Task description:
Word for word, reproduce the records, keeping none of the pictures.

Entries taken from a collection:
━━━━━━━━━━━━━━━━━━━━━━━━━━━━━━

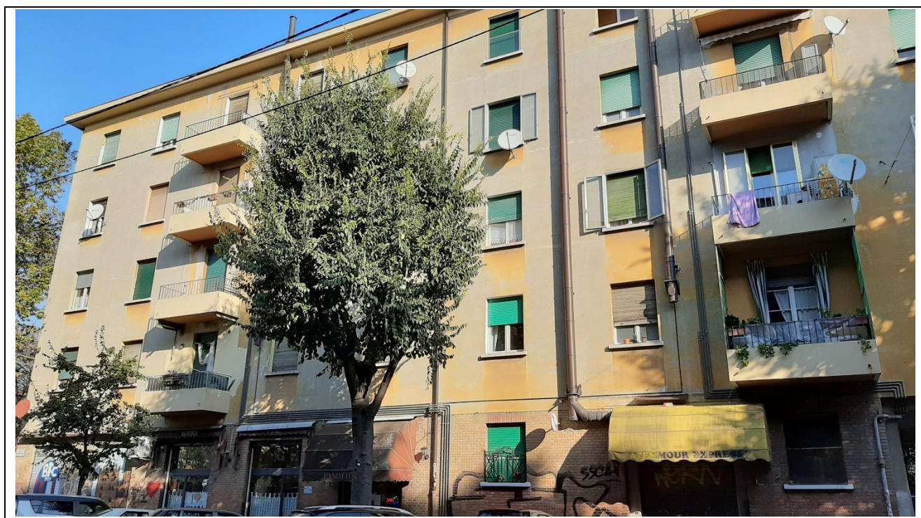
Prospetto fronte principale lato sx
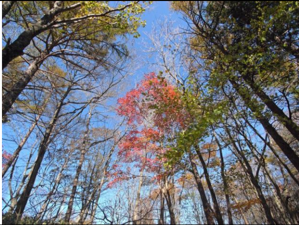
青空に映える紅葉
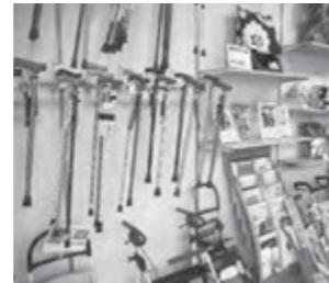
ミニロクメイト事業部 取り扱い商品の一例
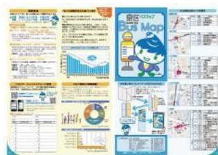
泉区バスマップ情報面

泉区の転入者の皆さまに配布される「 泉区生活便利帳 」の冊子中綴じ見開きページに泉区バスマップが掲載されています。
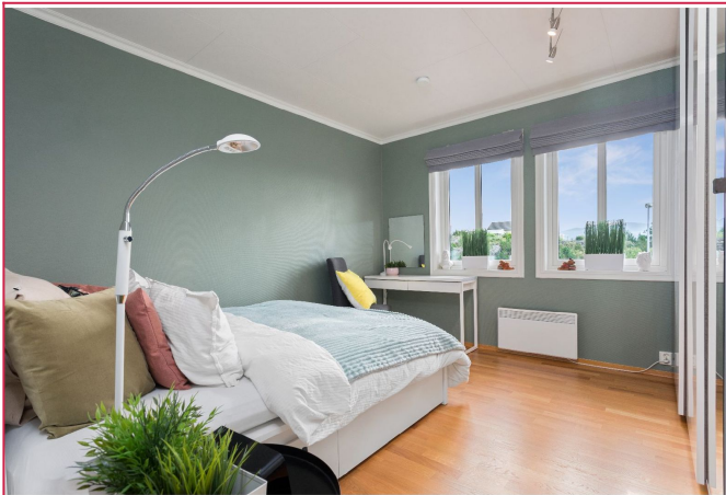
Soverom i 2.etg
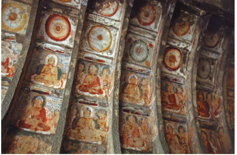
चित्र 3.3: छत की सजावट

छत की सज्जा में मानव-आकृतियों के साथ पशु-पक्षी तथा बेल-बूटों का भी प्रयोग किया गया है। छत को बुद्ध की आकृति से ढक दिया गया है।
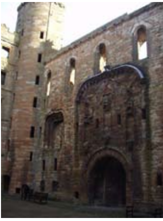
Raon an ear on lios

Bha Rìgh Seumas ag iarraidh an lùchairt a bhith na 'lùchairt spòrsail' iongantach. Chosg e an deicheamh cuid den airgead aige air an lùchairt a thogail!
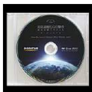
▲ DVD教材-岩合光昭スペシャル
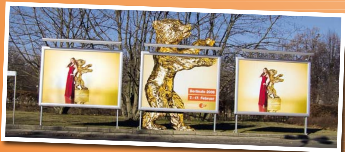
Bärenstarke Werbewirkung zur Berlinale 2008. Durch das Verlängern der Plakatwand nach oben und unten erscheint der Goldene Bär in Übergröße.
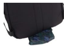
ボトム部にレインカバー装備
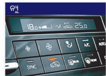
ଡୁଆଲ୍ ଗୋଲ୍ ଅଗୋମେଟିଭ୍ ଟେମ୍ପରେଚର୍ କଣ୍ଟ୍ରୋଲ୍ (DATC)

━━━━━━━━━━━━━━━━━━━━━━━━━━━━━━

Solution to the exercise:
Prospetto fronte principale lato sx
青空に映える紅葉
ミニロクメイト事業部 取り扱い商品の一例
泉区バスマップ情報面

泉区の転入者の皆さまに配布される「 泉区生活便利帳 」の冊子中綴じ見開きページに泉区バスマップが掲載されています。
Soverom i 2.etg
चित्र 3.3: छत की सजावट

छत की सज्जा में मानव-आकृतियों के साथ पशु-पक्षी तथा बेल-बूटों का भी प्रयोग किया गया है। छत को बुद्ध की आकृति से ढक दिया गया है।
Raon an ear on lios

Bha Rìgh Seumas ag iarraidh an lùchairt a bhith na 'lùchairt spòrsail' iongantach. Chosg e an deicheamh cuid den airgead aige air an lùchairt a thogail!
▲ DVD教材-岩合光昭スペシャル
Bärenstarke Werbewirkung zur Berlinale 2008. Durch das Verlängern der Plakatwand nach oben und unten erscheint der Goldene Bär in Übergröße.
ボトム部にレインカバー装備
ଡୁଆଲ୍ ଗୋଲ୍ ଅଗୋମେଟିଭ୍ ଟେମ୍ପରେଚର୍ କଣ୍ଟ୍ରୋଲ୍ (DATC)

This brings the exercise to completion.